Dynamic background modeling requires a static camera position. The values of each pixel are modeled over time with the expectation to find a pattern of values that this pixel assumes. The values may be described by a single contiguous range, or it may be multimodal (two or more contiguous ranges). If the value suddenly escapes these boundaries that the model describes as typical, the pixel is considered part of a foreground object that temporarily occludes the background. Foreground objects that are stationary for a long time will usually be integrated into the background model over time and segmentation will be lost. The mathematics to describe the background often use statistical models with one or more Gaussians [48].

Temporal filtering and modeling

Temporal filtering typically involves methods that go beyond motion flow to track on the object or feature level rather than at the pixel or pattern level. For example, hand and arm gesture recognition (see subsection "Hand and arm gestures in 4D" on page 486) requires temporal filtering.

Once the visual information has been extracted and a feature vector has been built, general physics-based motion models are often used. For example, Kalman filtering in combination with a skeletal model can deal with resolving simple occlusion ambiguities [146]. Other readily available mathematical tools can be applied to the extracted feature vectors, independently of the preceding computer vision computation. Kalman filtering takes advantage of smooth movements of the object of interest. At every frame, the filter predicts the object's location based on the previous motion history. The image matching is initialized with this prediction, and once the object is found, the Kalman parameters are adjusted according to the prediction error.

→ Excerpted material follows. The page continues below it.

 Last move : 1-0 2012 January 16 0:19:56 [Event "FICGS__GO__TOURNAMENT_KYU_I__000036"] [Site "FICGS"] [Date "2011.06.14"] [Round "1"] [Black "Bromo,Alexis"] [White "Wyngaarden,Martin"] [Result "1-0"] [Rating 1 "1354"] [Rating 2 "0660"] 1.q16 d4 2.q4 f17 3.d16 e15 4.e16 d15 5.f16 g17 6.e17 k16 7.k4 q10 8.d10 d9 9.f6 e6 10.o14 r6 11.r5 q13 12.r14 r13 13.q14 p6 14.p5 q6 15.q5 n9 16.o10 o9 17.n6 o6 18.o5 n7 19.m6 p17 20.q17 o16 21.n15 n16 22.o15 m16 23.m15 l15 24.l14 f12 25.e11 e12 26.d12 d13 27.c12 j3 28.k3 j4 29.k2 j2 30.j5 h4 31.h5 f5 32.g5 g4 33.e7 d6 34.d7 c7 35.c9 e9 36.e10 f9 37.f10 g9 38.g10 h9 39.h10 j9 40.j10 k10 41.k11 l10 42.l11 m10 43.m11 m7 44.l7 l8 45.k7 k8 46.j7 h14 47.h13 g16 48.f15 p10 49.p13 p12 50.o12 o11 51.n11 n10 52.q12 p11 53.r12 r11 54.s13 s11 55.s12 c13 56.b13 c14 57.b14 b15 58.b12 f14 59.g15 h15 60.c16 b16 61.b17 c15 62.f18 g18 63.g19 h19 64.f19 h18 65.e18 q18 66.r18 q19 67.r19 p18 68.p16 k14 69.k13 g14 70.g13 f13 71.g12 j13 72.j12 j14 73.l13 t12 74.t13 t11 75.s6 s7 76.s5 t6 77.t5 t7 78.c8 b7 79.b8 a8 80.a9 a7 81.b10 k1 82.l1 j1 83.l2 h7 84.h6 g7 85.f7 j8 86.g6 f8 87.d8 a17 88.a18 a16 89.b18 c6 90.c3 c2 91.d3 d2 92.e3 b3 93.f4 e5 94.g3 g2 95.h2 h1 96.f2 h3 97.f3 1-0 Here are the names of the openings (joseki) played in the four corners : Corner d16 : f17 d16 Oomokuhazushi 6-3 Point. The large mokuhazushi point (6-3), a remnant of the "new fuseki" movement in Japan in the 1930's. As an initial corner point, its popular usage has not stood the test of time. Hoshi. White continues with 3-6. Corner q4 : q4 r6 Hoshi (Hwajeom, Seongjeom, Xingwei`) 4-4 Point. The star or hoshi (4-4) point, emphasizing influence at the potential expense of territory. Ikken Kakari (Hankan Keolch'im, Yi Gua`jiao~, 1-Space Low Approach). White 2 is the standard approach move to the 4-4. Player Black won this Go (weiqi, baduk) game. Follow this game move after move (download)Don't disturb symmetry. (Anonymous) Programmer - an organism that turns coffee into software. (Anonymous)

One of the limitations of Kalman filtering is the underlying assumption of a Gaussian probability. If this is not the case, and the probability function is essentially multimodal, as is the case for scenes with cluttered backgrounds, Kalman filtering cannot cope with the non-Gaussian observations. The particle filtering or factored sampling method, often called condensation (conditional density propagation) tracking, has no implicit assumption of a particular probability function but rather represents it with a set of sample points of the function. Thus, irregular functions with multiple "peaks"—corresponding to multiple hypotheses for object states—can be handled without violating the method's assumptions. Factored sampling methods [55] have been applied with great success to tracking of fast-moving, fixed-shape objects in very complex scenes [76, 28, 14]. Various models, one for each typical motion pattern, can improve tracking, as shown by Isard and Blake [56]. Partitioned sampling reduces the computational complexity of particle filters [82]. The modeled domain is usually a feature vector, combined from shape-describing elements (such as the coefficients of B-splines) and temporal elements (such as the object velocities).

Dynamic gesture recognition (i.e., recognition and semantic interpretation of continuous gestures and body motions) is an essential part of perceptual interfaces. Temporal filters exploit motion information only to improve tracking, while the following methods aim at detecting meaningful actions such as waving a hand for goodbye.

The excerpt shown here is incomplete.